*Given entries*.

───

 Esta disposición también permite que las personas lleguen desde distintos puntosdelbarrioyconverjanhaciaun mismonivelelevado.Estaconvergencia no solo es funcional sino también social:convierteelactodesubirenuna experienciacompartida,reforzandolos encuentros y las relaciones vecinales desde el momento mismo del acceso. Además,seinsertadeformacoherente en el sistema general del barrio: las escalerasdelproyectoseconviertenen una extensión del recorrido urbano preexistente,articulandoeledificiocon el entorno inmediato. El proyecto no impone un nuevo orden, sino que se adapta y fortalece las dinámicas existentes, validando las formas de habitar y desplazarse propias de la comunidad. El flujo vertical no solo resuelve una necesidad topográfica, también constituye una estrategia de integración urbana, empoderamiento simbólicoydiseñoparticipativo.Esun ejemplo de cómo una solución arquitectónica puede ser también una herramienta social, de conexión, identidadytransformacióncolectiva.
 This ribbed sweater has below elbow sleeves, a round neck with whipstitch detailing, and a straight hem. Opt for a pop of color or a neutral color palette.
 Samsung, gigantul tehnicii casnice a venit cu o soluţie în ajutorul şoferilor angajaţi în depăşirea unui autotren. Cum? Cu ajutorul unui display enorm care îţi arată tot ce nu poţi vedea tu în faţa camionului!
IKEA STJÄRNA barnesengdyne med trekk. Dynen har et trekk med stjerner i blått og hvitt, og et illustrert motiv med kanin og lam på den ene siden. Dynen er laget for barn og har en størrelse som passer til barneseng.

───

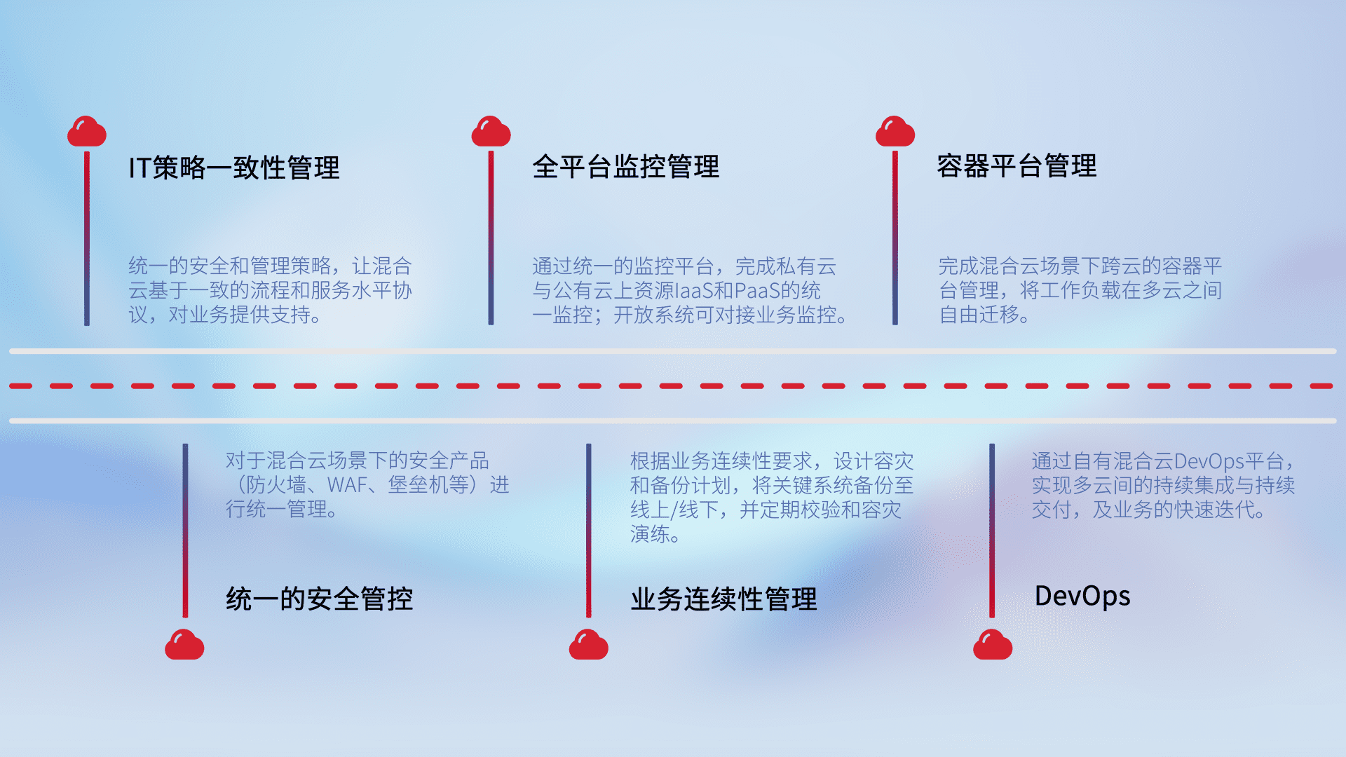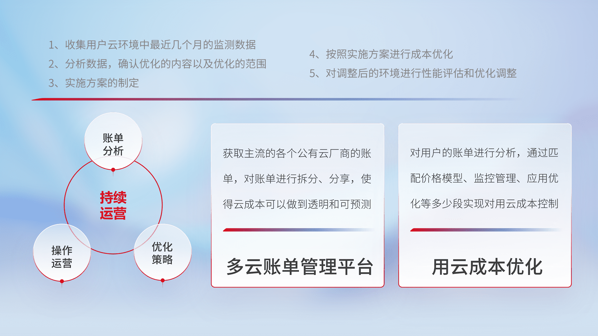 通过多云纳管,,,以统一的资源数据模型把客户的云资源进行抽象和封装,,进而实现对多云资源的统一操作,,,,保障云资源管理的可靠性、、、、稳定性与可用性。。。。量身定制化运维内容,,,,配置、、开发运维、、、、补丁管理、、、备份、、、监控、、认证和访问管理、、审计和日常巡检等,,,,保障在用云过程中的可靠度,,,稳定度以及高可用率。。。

───

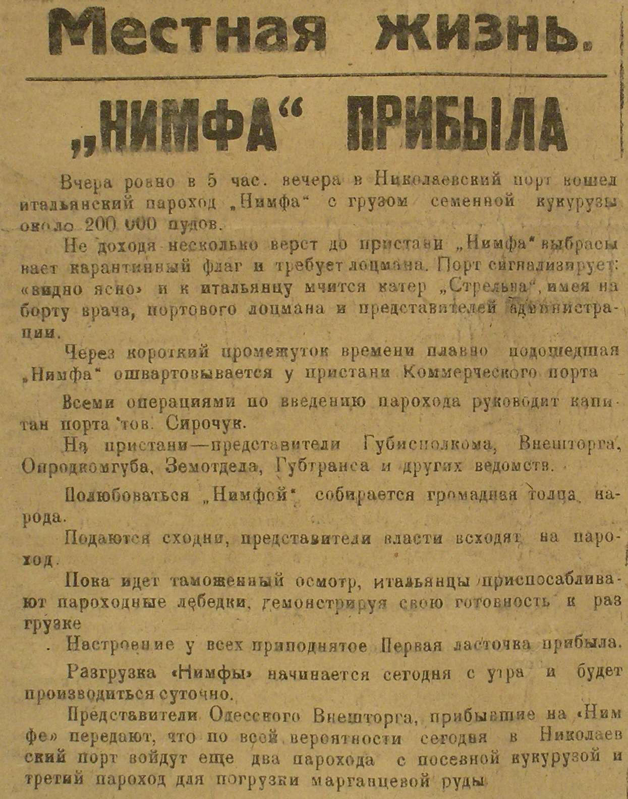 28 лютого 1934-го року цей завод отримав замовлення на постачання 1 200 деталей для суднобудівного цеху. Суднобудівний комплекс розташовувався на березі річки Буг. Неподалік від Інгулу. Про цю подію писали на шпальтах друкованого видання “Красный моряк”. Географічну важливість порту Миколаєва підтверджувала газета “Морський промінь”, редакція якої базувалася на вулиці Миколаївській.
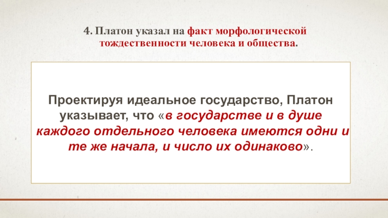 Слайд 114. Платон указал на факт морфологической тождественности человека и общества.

───

*Problem statement*.
Looking at the data above, write out exactly the lines that start at the one containing "Esta disposición también" and end at the one containing "IKEA STJÄRNA barnesengdyne"; include both and nothing beyond.

*Written reply*.
 Esta disposición también permite que las personas lleguen desde distintos puntosdelbarrioyconverjanhaciaun mismonivelelevado.Estaconvergencia no solo es funcional sino también social:convierteelactodesubirenuna experienciacompartida,reforzandolos encuentros y las relaciones vecinales desde el momento mismo del acceso. Además,seinsertadeformacoherente en el sistema general del barrio: las escalerasdelproyectoseconviertenen una extensión del recorrido urbano preexistente,articulandoeledificiocon el entorno inmediato. El proyecto no impone un nuevo orden, sino que se adapta y fortalece las dinámicas existentes, validando las formas de habitar y desplazarse propias de la comunidad. El flujo vertical no solo resuelve una necesidad topográfica, también constituye una estrategia de integración urbana, empoderamiento simbólicoydiseñoparticipativo.Esun ejemplo de cómo una solución arquitectónica puede ser también una herramienta social, de conexión, identidadytransformacióncolectiva.
 This ribbed sweater has below elbow sleeves, a round neck with whipstitch detailing, and a straight hem. Opt for a pop of color or a neutral color palette.
 Samsung, gigantul tehnicii casnice a venit cu o soluţie în ajutorul şoferilor angajaţi în depăşirea unui autotren. Cum? Cu ajutorul unui display enorm care îţi arată tot ce nu poţi vedea tu în faţa camionului!
IKEA STJÄRNA barnesengdyne med trekk. Dynen har et trekk med stjerner i blått og hvitt, og et illustrert motiv med kanin og lam på den ene siden. Dynen er laget for barn og har en størrelse som passer til barneseng.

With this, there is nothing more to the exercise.